In the post, Palin claims she and her daughter were lured to Washington, DC, under false pretenses by Cohen to honor veterans.

"This 'legit opportunity' to honor American Vets and contribute to a 'legit Showtime historical documentary' was requested of me via a speakers bureau," Palin states. She then says the interview bothered her so greatly that she removed her microphone and stopped the interview.

Palin then issues several challenges to Cohen and CBS/Showtime, while referring to the performer as boy and taking jabs at Cohen's manliness.

One challenge is to donate to a charity supporting veterans. The other is to air the footage.

Here is my challenge, shallow Sacha boy: go ahead - air the footage. Experience tells us it will be heavily edited, not pretty, and intended to humiliate."

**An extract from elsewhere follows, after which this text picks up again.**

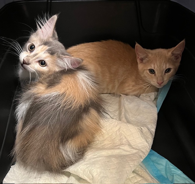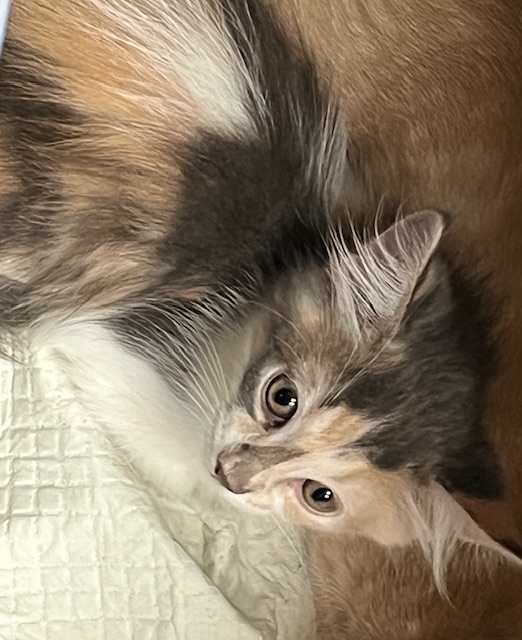 Hi, I’m Eloise. My two siblings and I came to SBACC in our Mama’s belly and were born five days later in her foster home. We have never spent a day on the street and were cared for and loved by both our Mama and our foster Mom. My foster Mom calls me a true beauty queen. I’m not as shy as my sister Emily, but not as outgoing as my brother, Earl Grey. I’m very playful and enjoy cuddling with my sibs, but not yet into cuddling with people. That will probably change with time. I’m now ready for my forever home and might be OK as an only kitten, but would probably be happier if I had a furry buddy, maybe my sister or another kitten or young cat. I’m with my sister, Emily, in one of the pics.
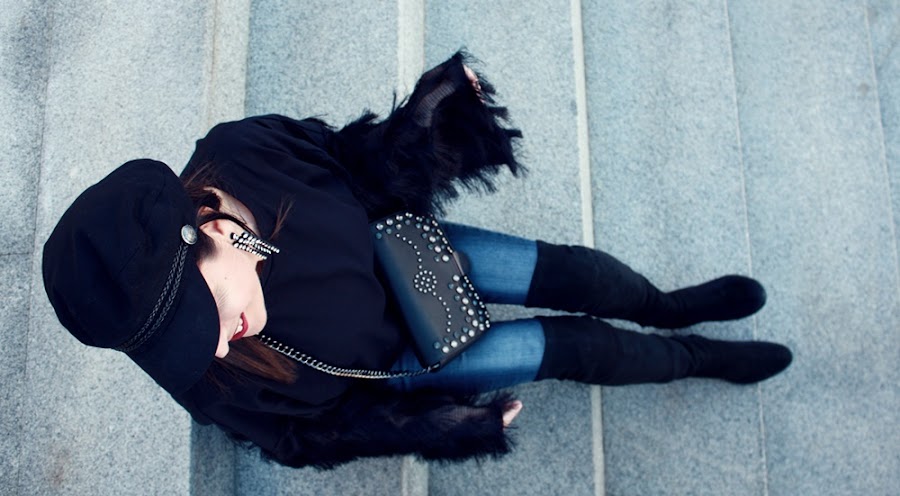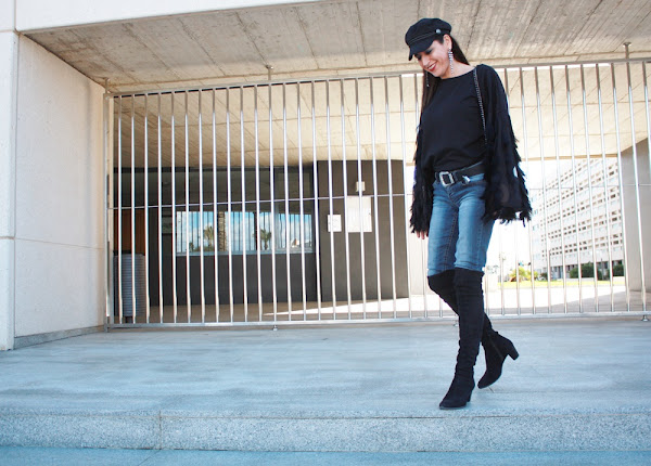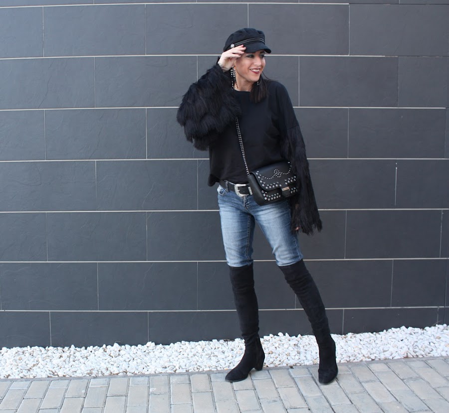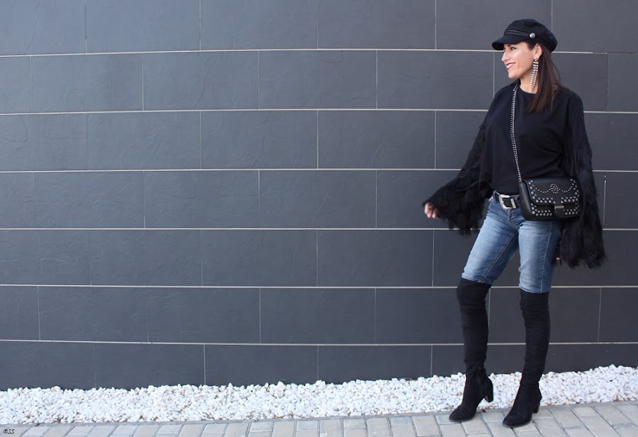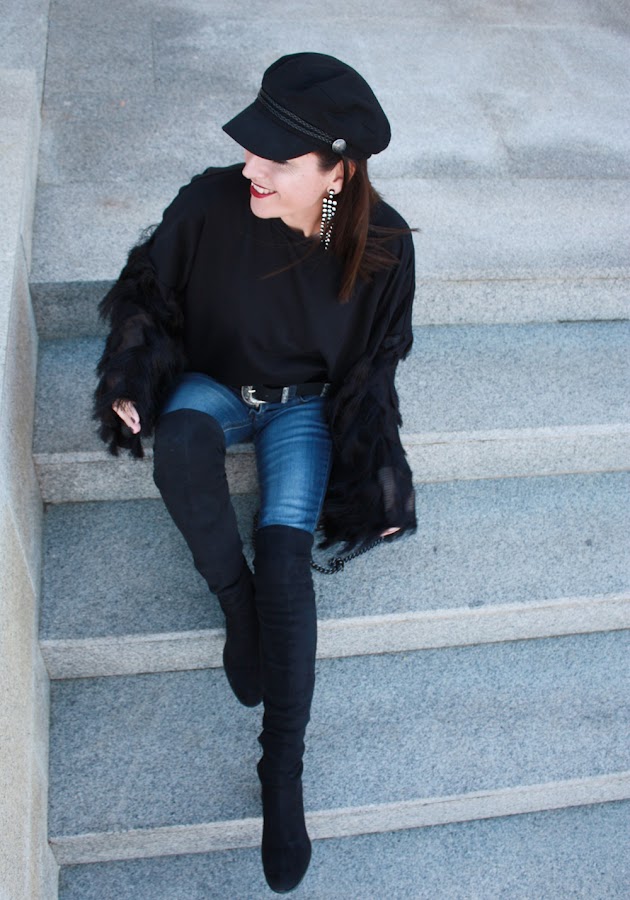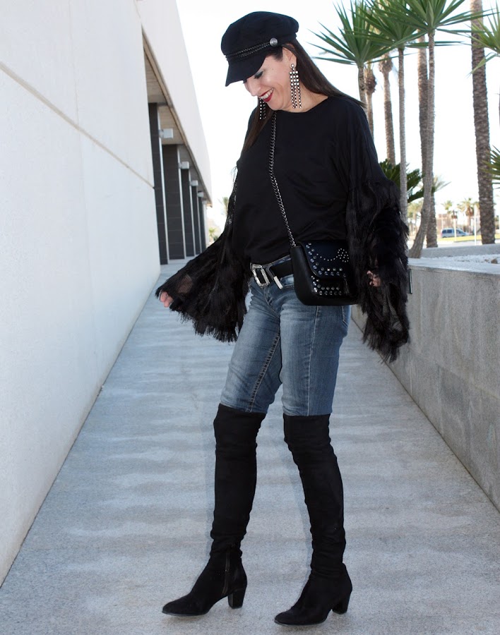 Hoy jeans, botas de caña alta y gorra acompañan a la protagonista del look.

The Alaska resident then goes on to claim the production crew deliberately took her and her daughter to the wrong DC airport, and apparently unable or unwilling to use the Metro rail, bus or taxi services that run between Ronald Reagan and Dulles airports to get to the right one, they were trapped there for three days.

She concludes by stating,

Feel good and manly about your M.O., Sacha?"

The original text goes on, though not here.